The red-backed kingfisher (Todiramphus pyrrhopygius) is a species of kingfisher in the subfamily Halcyoninae, also known as tree kingfishers. It is a predominantly blue-green and white bird with a chestnut rump. It is found across the continent of Australia, mainly inhabiting the drier regions.

==Taxonomy==
The red-backed kingfisher was first described by the English ornithologist and bird artist John Gould in 1841. He coined the binomial name Halcyon pyrrhopygia. It was known for many years by this scientific name before being transferred to the genus Todiramphus. The generic name is derived from the genus Todus (Brisson, 1760), 'tody' (a West Indian insectivorous bird) and Ancient Greek rhamphos, 'bill'. Its specific epithet is derived from the Ancient Greek words pyrrho-/πυρρο- 'flame-coloured' or 'red' and pyge/πυγή 'rump'. The species is monotypic.

==Description==
The red-backed kingfisher measures 20 to 24 cm; the male weighs 45-70 g and the female 41-62 g. It has a streaked green and white crown, bluish-green wings and tail, and lower back, rump and upper tail coverts chestnut with white breast, abdomen, and nape. It has a black band stretching from the bill, through the eyes and to the ear coverts. The female is duller overall in coloration, with the crown more heavily streaked, dull turquoise in wings, and more buff in areas of white. The iris is dark brown and the legs and feet dark grey. Immature birds are like female, but with dull green back and mantle and speckling on their breasts.

===Voice===
The call is a descending, mournful whistle "kee-ip", repeated every few seconds in a long series from a tree-top or telephone wire. The red-backed kingfisher is noisy when mating with a harsh alarm calls and parrot-like chatter given by birds near the nest.

==Distribution and habitat==
The red-backed kingfisher is native to most of Australia, except Tasmania and the extreme southwest and southeast of the mainland. It is a summer visitor to the southeast of the country; elsewhere it is resident all year round. It inhabits dry forests, mulga and mallee country, to spinifex and almost treeless country, often far from water. During breeding season, the red-backed kingfisher will move to river courses to make use of the earthy banks to dig nesting burrows. It appears to be partly migratory to the south of the continent for the breeding season, returning north in winter. It is moderately common to uncommon, due to its irregular nomadic movements, probably depending on the occurrence of erratic rainfall.

==Behaviour==
===Breeding===
The breeding season is August to February, often with a double brood, although birds may not breed in times of drought. The nest is a burrow 0.5-1.25 m (18-50 in) into the top third section of a steep sloping bank overlooking a dry creek-bed or dam, or occasionally in an abandoned mine-shaft or hollow branch. They may vacate the site if the riverbed becomes inundated. Occasionally, nests may be situated in termite mounds in the north of the country.

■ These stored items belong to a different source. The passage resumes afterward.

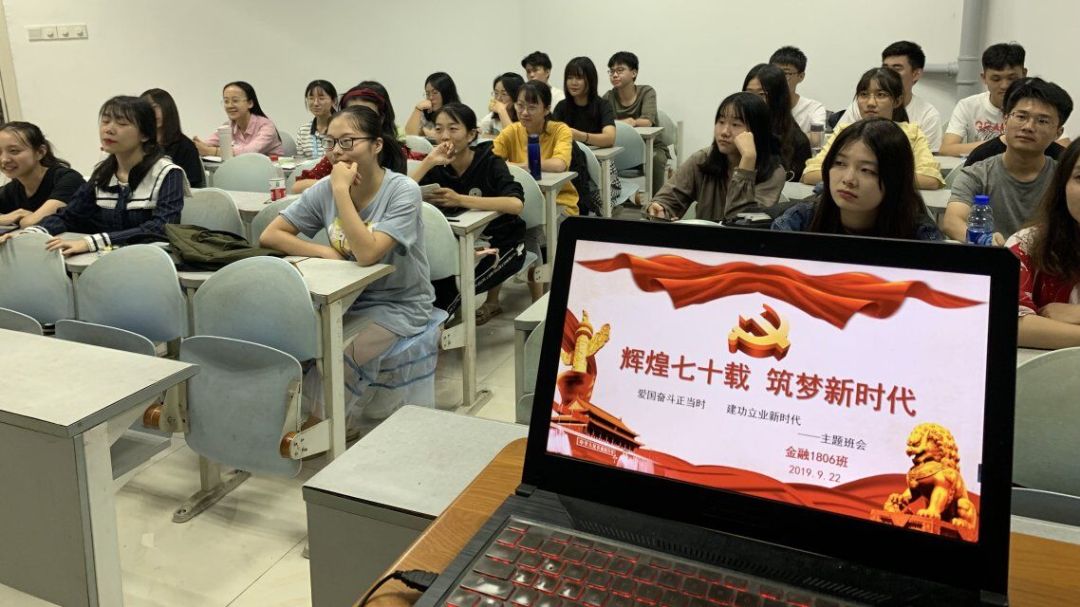 2019年是中华人民共和国成立70周年。为热烈庆祝该重要节日,营造爱国爱校的浓烈氛围,引导同学们牢记青年使命,勇担时代重任,金融1806班响应学校和学院的号召,以“爱国奋斗正当时,建功立业新时代”为主题,于2019年9月22日晚召开主题团日和主题班会活动。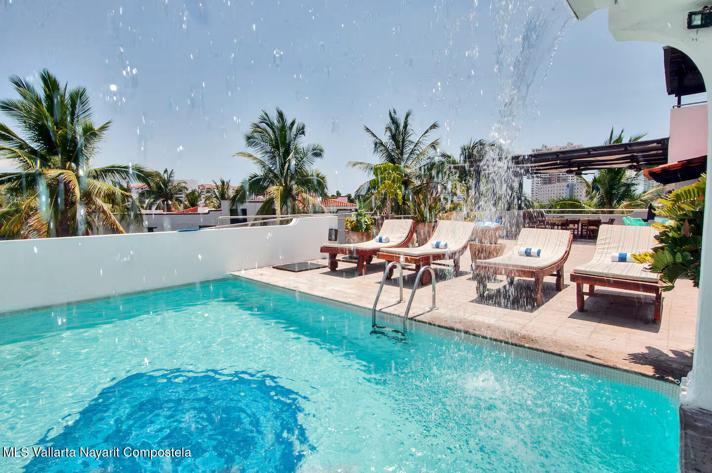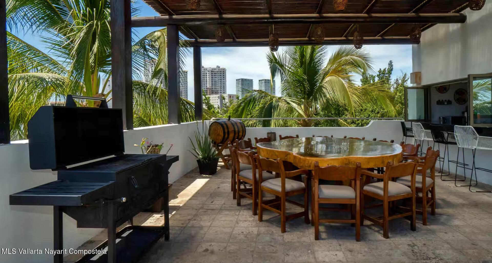 Spacious 7-bedroom, 7.5-bathroom villa in a gated community, just across from the boulevard and steps from the beach. It boasts over 650 m of construction (with 90m2 to be added at closing), 2 deeded parking spaces; located on fourth floor (no elevator) of a secure complex with 24/7 security, a public pool, and an on-site restaurant.It includes 2 large private terraces with shaded areas, private pool, a grill, an outdoor bar, and gorgeous mountain views. This high-potential investment property retains beautiful Mexican colonial details such as arches, a spiral staircase, and a brick dome. Each bedroom includes a full bathroom.Currently operating as an Airbnb with steady income and professional manager, the new owner can generate income from day one.Espanol abaho.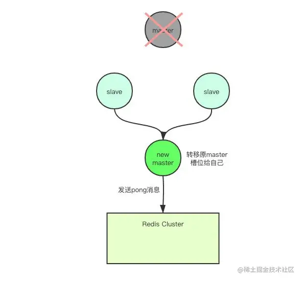 一旦节点A被标记为了客观下线,集群就会开始执行故障转移。其余正常运行的master节点会进行投票选举,从A节点的slave节点中选举出一个,将其切换成新的master对外提供服务。当某个slave获得了超过半数的master节点投票,就成功当选。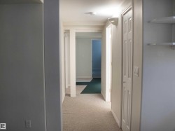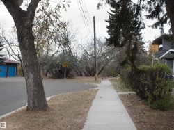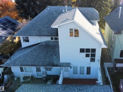 Just steps from the Mill Creek Ravine, this 2½ storey half duplex offers exceptional space and versatility! The main floor features a cozy living room with fireplace and large windows, a dining area open to the second floor, a bright kitchen with attached home office space, and a convenient 2-pc bathroom. Upstairs, you will find 2 bedrooms including a large primary ensuite with separate shower stall and a jetted tub. The third floor boasts a spacious family room — perfect for relaxing or entertaining. The finished basement offers even more living options with a den and large walk-in closet, 4-pc bath, second kitchen, small family room, laundry area and utility/storage room. Enjoy outdoor living on the deck and extra storage in the alley-accessed detached double garage with attached shelving. Ideal location near trails, parks, Bonnie Doon Mall, many great area restaurants and amenities!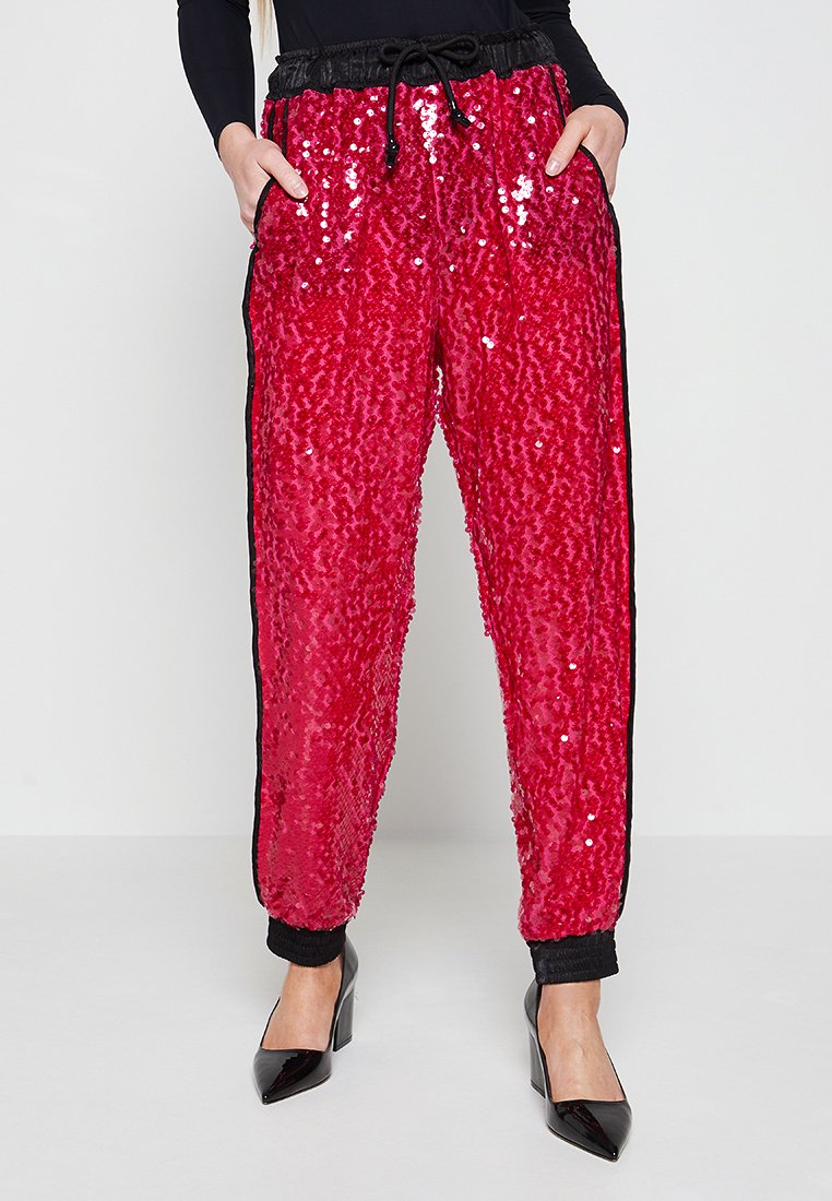 Stay stylish and comfortable this Spring/Summer with these Versace Jeans Couture Casual Pants for Women in a vibrant red hue. Perfect for any casual outing, these pants are made for both fashion and functionality. Combine them with your favorite top and sandals for a chic and effortless look. Elevate your wardrobe with these trendy red pants from Versace Jeans Couture.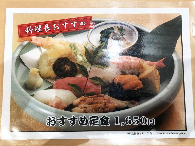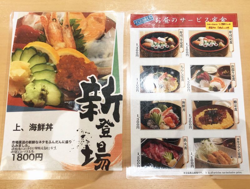11時〜14時はお得な「お昼のサービス定食」も用意されています。寿司居酒屋的な利用もOKで飲む人にとっても便利ですね。「お昼のサービス定食」はおおむね¥1,000チョイで注文できるリーズナブルな価格設定。今回は和食・海鮮の新年初REPORTということで、ちょっと奮発して「上、海鮮丼」¥1,800を注文してみました。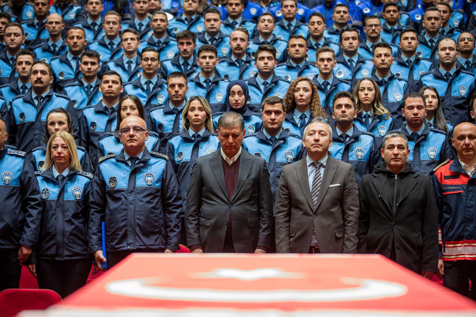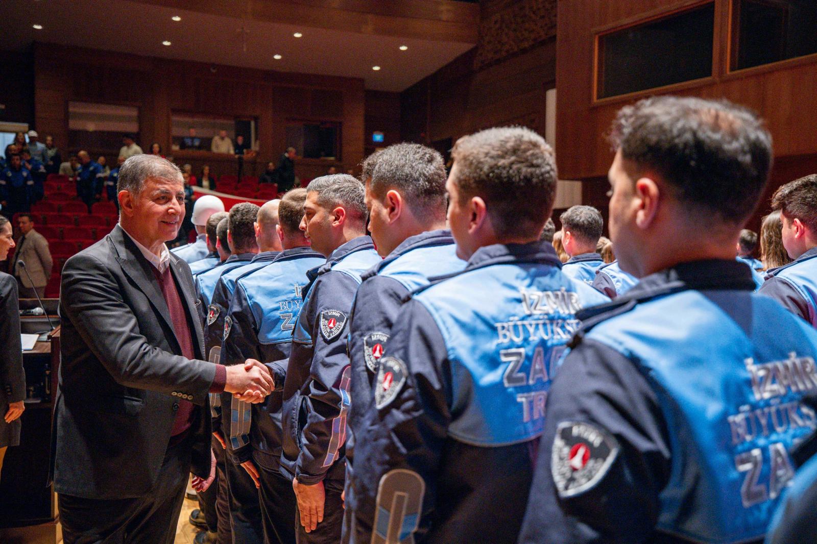 İzmir Büyükşehir Belediye Başkanı Dr. Cemil Tugay, kentin her noktasında daha hızlı, etkin ve güven veren bir zabıta hizmeti sunma hedefiyle teşkilata katılan 86 yeni memur için düzenlenen yemin törenine katıldı. Tugay, yeni memurları tebrik ederek “Her zaman haklının ve doğrunun yanında yer almamız lazım. Üstlendiğiniz bu sorumlulukla sadece İzmir değil Türkiye’ye örnek bir dönemi hep birlikte yaşayalım” dedi.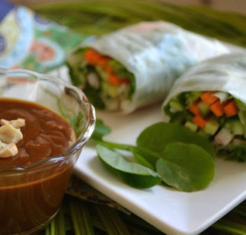 Vietnamese Summer Rolls with Spicy Peanut Dipping Sauce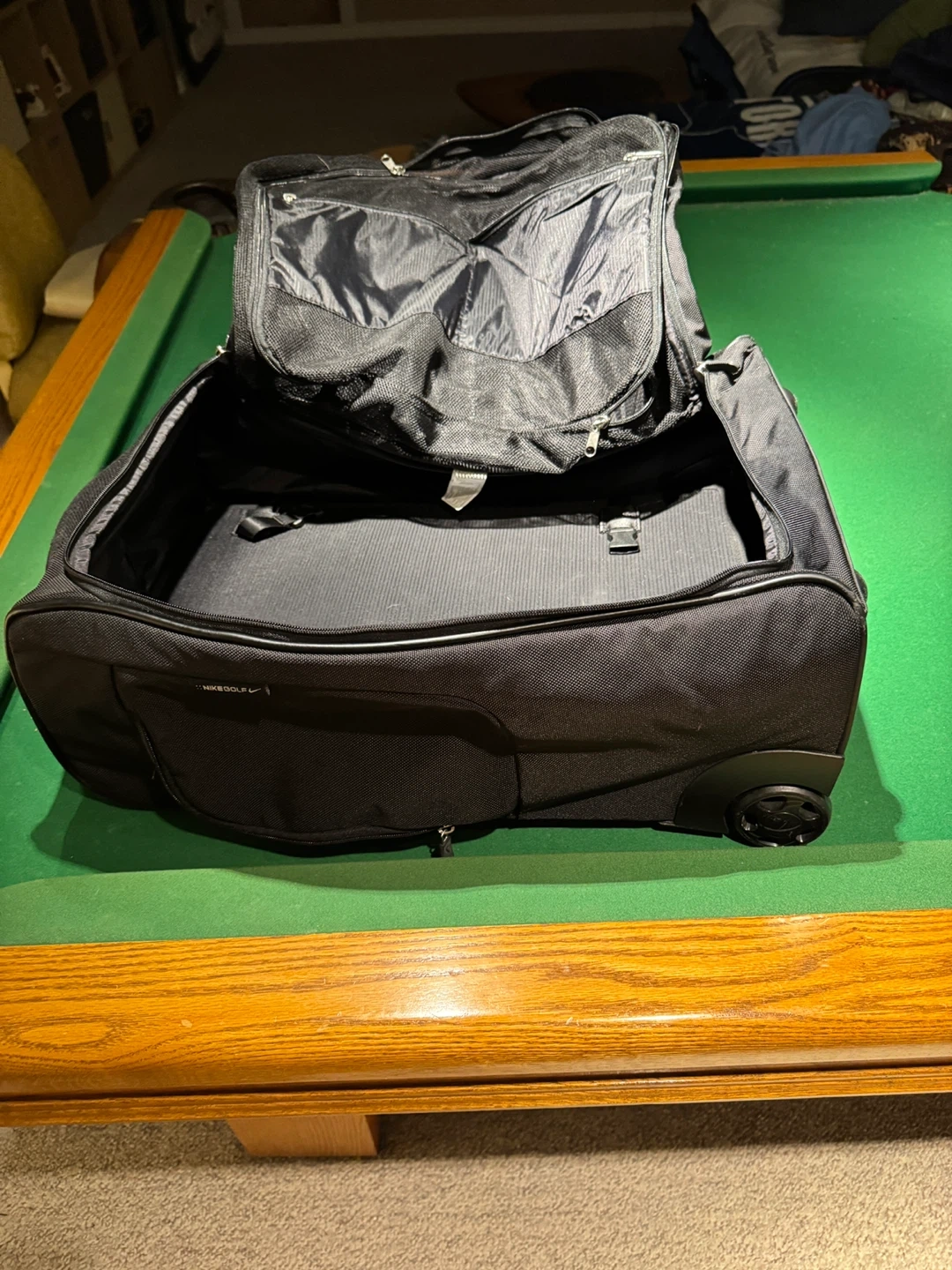 Selling a Nike Golf rolling suitcase in black. It has some signs of use, but is still in good condition and ready for your next trip to the golf course or wherever you're headed!

Two to six white, rounded, shiny eggs are laid, measuring 25 x 22 mm. The eggs are incubated by both adults for 20–23 days, and after a further 26–30 days, fledglings are able to leave the nest. Threats to the nest are flooding by sudden downpours, and being dug up and eaten by goannas, dingoes and foxes.

===Feeding===
The red-backed kingfisher observes from a conspicuous perch in a tree or on overhead wires, then swoops to the ground to take its prey and return directly to its perch . Its diet consists of various insects (including locusts and grasshoppers, beetles, leaf-insects, ants and caterpillars), spiders, small crustaceans, centipedes, and scorpions. It also takes vertebrates, such as fish, frogs and tadpoles, lizards, snakes, and occasionally mouse-sized mammals.

==Conservation status==
The population trend of the red-backed kingfisher is increasing, and given its very extensive distribution, the species is classed as least concern on the IUCN Red List.